Re: [Sparql4j-devel] SPARQL4J : a few first thoughts

SourceForge Headquarters 1320 Columbia Street Suite 310 San Diego, CA 92101 +1 (858) 422-6466

hello

On Jan 15, 2005, at 10:18 AM, Janne Saarela wrote:

> I very much agree with your goals for this project.

me too - let's start simple SELECT HTTP GET - but design should also 
accommodate future extensions eventually - plug-in idea of Andy is a 
good one as a starting hook for other things.

> The non-RDF applications will find it easy to access SPARQL enabled 
> repositories. The easiness comes via using the familiar programming 
> concepts relating to access relational databases using JDBC. In 
> addition, the easiness comes via the use of on single jdbc driver 
> instead of having to download a separate one for each repository.

I agree - we should start to provide an SQL alike tabular interface to 
RDF result sets, rather than graphs.

>
>> This, together with the scoping of JDBC
>>
>> """ javadoc java.sql (1.5.0)
>
> I would be in favor of targetting 1.4.2 JDK to start with. This is due 
> to our product which ships with 1.4.2 support as we speak with 1.5 
> support coming in the future.
>
> I should check what changes there are in java.sql from 1.4.2 to 1.5.
> Would you remember by heart?

I can not help here too much - I guess Andy knows more about these 
issues - or we can check on Sun specs. Last spec is JDBC-3.0

>
>> means I see SPARQL4J as a JDBC driver that is mainly about issuing 
>> SPARQL
>> SELECT queries, rather than CONSTRUCT or DESCRIBE.  A release with 
>> just
>> SPARQL SELECT, using the plain XML result format, would be very 
>> useful to
>> application writers - one, conventional, interface to RDF published 
>> data.
>> Toolkit independent.
>
> SELECT we start with - let's see how CONSTRUCT and DESCRIBE can be 
> tweaked in the long run.

exactly - the design should allow to accommodate extensions for more 
graph-ical alike queries

Speaking about the Perl DBI world, what we have added some extra 
methods in addition to traditional SQL/relational operations (I would 
call it RDBC for RDF- DataBaseConnectivity)

fetchrow_XML()
	-> fetch next XML chunk using DAWG-xml format
fetchall_XML()
	-> fetch all the XML result-set in one go using DAWG-xml
fetchsubgraph_serialize()
	-> return a serilization (RDF/XML, N-Triples or other) of the next 
subgraph resulting from
               the query (either SELECT, DESCRIBE, CONSTRUCT)
fetchallgraph_serialize()
	-> return a serilization (RDF/XML, N-Triples or other) of the whole 
subgraph resulting from
               the query (merge of all subgraph of previous method)
fetchsubgraph()
	-> return  the next subgraph resulting from the query (e.g. GraphModel)
fetchallgraph()
	-> return the whole subgraph resulting from the query

Then the Perl API has explicitly a method called func() to call an 
extension function/method - I guess we will be able to tweak something 
similar in the JDBC, perhaps extending/sub-classing.

>
>> We could be merely inspired by JDBC but actually produce a new
>> interface that is more SPARQL suitable.  I'd like to avoid this for 
>> now
>> and try to implement "pure" JDBC.
>
> My goal is the very same - let's know get into extensions right away.

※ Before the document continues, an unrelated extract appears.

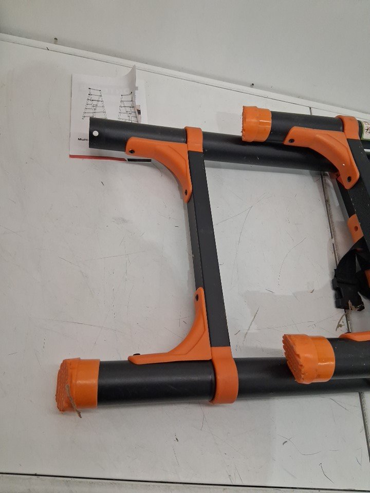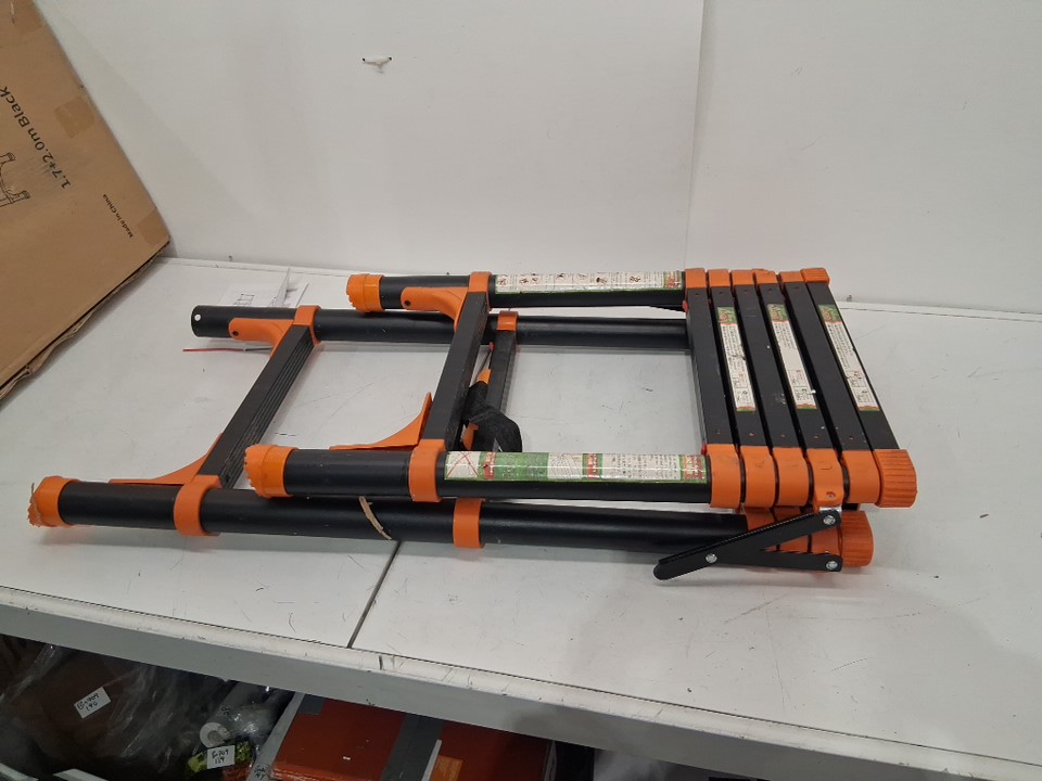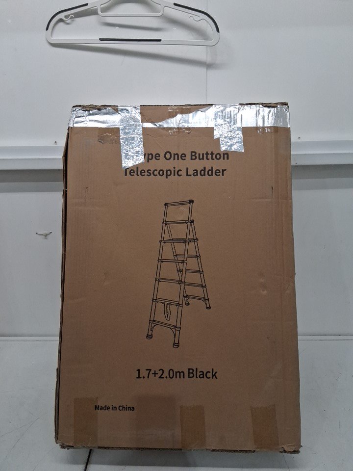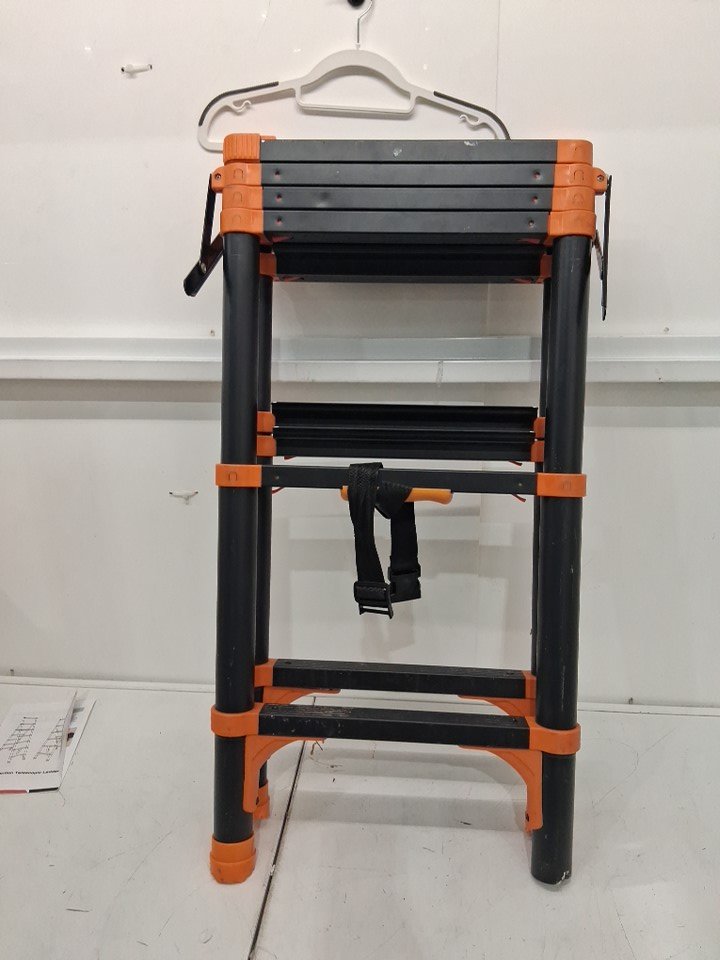 ladder has visible dirt and dirt splatter on ladder, one foot piece is missing on bottom of ladder

incremental - let's expose canonical (old) RDQL (SELECT only) 
functionality through JDBC - then in the meantime start with the rest 
of the features

>
>> I'm assuming that the connection to the database (the RDF store, the
>> knowledge base) is HTTP.  Now I would like to be able to take the
>> SPARQL4J codebase and plug-in an adapter, instead of HTTP, to get a 
>> JDBC
>> driver for ARQ [0] directly for local use.  We need a plug-in layer 
>> for that
>> which is a connection layer with SPARQL-centric mechanisms and then 
>> have
>> common code for the presentation of results as JDBC methods.
>
> Ok, I see. Internally we can create a factory that gives the protocol 
> part implementation for the other parts of the driver. From the user 
> perspective this protocol should perhaps be visible on the datasource 
> string? What do you think? Let's start a separate thread on the 
> datasource.

it might be JDBC database metadata (catalog) methods will help in there 
to bootstrap and negotiate the protocol part - or carefully define an 
initial list of possible protocols in addition to HTTP - for sure a 
local/hijacked one will be needed.

>
>> Update - out of scope: Until there is a standard (de facto or de jure)
>> language, servers won't implement a common way to do RDF update - 
>> there are
>> several major decisions, like handling bNodes, to be settled first.
>
> Agreed - out of scope for now.

+1

>
>> A quick review of the JDBC interfaces shows few tricky parts:
>>
>> 1/ NULLs.  SQL has NULLs; SPARQL has unbound variables. That in itself
>> is not important - NULL would be just a way of saying "not bound".  
>> But
>> the getXXX methods must return a value of the given type and getInt 
>> returns
>> 0 on NULL, which isn't very distinguishing value.  But in RDF, there 
>> isn't
>> always a value in the result set for a given row - NULLs become more 
>> common
>> and the "return zero" solution is a bit weak.
>>
>> Solutions?: Default values that are more unusual values (e.g. 
>> MIN_VALUE+2)
>> or ones that can be set by the app (requires an extension to JDBC).
>
> I would be happy with a default value. Let's see what the eventual 
> other users think.

again - we might need to have a better look at the JDBC 
metadata/catalog layer to see what it offers to negotiate this if 
possible

>
>> 2/ Metadata.  Each solution to a SPARQL query can have different types
>> of values for the same property.  Returning anything meaningful as
>> "metadata" will need design work.  Solution?: For now, return very
>> little and see if applications use the metadata information much.
>
> Let's make a, if not dummy, a very basic implementation of the 
> resultset metadata and listen to use cases that would require a more 
> elaborate implementation.

agree - let's try to get basic conjunctive query to work (even no 
optional if too hard) - then move on to next step

>
>> 3/ Error conditions: The JDBC interface assumes a conventional 
>> connection to
>> a local database.  SPARQL is a web protocol and many error conditions 
>> matter
>> - the difference between soft errors like can't contact and hard 
>> errors like
>> invalid query make more of a difference to a web app.
>
> I think the different errors could be modelled as a hierarchy of 
> Exceptions subclassed from SQLExeption. This would enable client code 
> determine different flavours of errors without having to do string 
> parsing from a SQLException to see what happened.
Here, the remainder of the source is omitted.